Sky are probably dreading the Ann Summers Christmas sale.

Of course, being trapped in a lift with the kind of person who stands behind the camera on deadline day would be a pretty horrible experience since the majority appears to be bit strange, but it was pleasing to see Sky’s big day dissolve into anarchic farce.

Yes, it’s easy to blame the network for everything that’s wrong with English football while forgetting the innovations that have forced others, particularly the BBC, to raise their game.

But everything about deadline day really is uncomfortably crass – from the gleeful reporting of transfer fees that exceed the cost of the average nuclear power plant to the garish yellow graphics, Harry Redknapp, Jim White and that clock ticking down to the deadline.

I mean, it isn’t even a proper deadline. The myriad extensions and dispensations available to the bafflingly large number of clubs who lack the foresight to construct a squad prior to the start of the season means that even as the clock strikes zero, no-one knows what on earth has happened until the following day anyway, an unfortunate fact that renders the breathless minute-by-minute updates in the last hours entirely redundant.

Is that really worth having one of your staff humiliated live on air by a mob of 15-year-olds?

Given the general reaction on Twitter and in print media, it seems many people seem to concur that, although the transfer window has merit, deadline day itself is a novelty act whose value has long since worn off.

It’s unlikely, however, that the overwhelmingly negative response will dissuade Sky from pumping even more resources into the next transfer window, although the reporters will probably be dressed like Kate Adie in a warzone and there may well be more bouncers than fans.

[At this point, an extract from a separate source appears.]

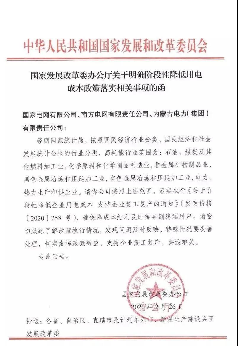近日,國家發(fā)展改革委印發(fā)《關于明確階段性降低用電成本政策落實相關事項的函》,函件中進一步明確高耗能行業(yè)范圍為:石油、煤炭及其他燃料加工業(yè),化學原料和化學制品制造業(yè),非金屬礦物制品業(yè),黑色金屬冶煉和壓延加工業(yè),有色金屬冶煉和壓延加工業(yè),電力、熱力生產(chǎn)和供應業(yè)。除以上行業(yè)外的工業(yè)用戶及全部商業(yè)用戶可享受電價95折優(yōu)惠。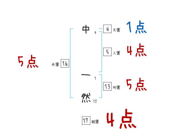 中一然さんの画数の鑑定結果

Meanwhile, languishing in the Conference North means Boston United are generally untouched by transfer hysteria, but this particular deadline day did bring some glum news for Pilgrims fans.

The announcement that Ricky Miller had secured a dream loan move to Dover Athletic was particularly dismaying given that encouraging rumours filtering out from Luton Town in the last two weeks meant many Boston fans – ok, well, just me then - thought his return to York Street was a mere formality.

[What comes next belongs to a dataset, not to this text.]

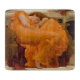 Ce dessin présente une peinture de l'artiste britannique Sir Frederic Leighton (1830-1896), célèbre pour ses oeuvres représentant des scènes historiques, bibliques et classiques dans un style académique. Ce tableau montre une femme d'une beauté stupéfiante portant une robe rouge diaphane alors qu'elle s'endort. Certains historiens de l'art ont dit que la branche de l'oléandre toxique en haut à droite pourrait symboliser le lien fragile entre le sommeil et la mort. Les couleurs riches et l'élégante recréation du marbre sont caractéristiques du style réaliste de Leighton, tout comme son utilisation de la lumière naturelle comme la vie. Ce tableau est considéré comme le magnum opus de Leighton et il a été achevé en 1895 ; il est actuellement hébergé dans le Museo de Arte de Ponce, Porto Rico.

Alas, it wasn’t to be. It’s disappointing, because on Saturday’s evidence Boston’s attack looked a little blunt against a very well organised Stalybridge side.

It’s unfair to compare United’s replacement striker Dayle Southwell to Miller since they are two very different players, but Southwell’s more languid style would surely have benefitted greatly from having Miller’s scampering, relentless dynamism alongside him.

Thankfully, the lack of transfer windows this far down the pyramid means there are still plenty of options for Dennis Greene to explore to get the best out of Southwell, clearly a talented player who just needs a helping hand up front.

Still, it was heartening to be told after the game that I had picked ‘the worst match of the season’ to see Boston for the first time since pre-season, which proves my mere presence at Pilgrims matches is more often than not a lethal curse.

Perhaps I should head to Stoke City’s training ground in January armed with a box of tricks procured from a dodgy back alley shop and help kill off Sky’s deadline day coverage for good.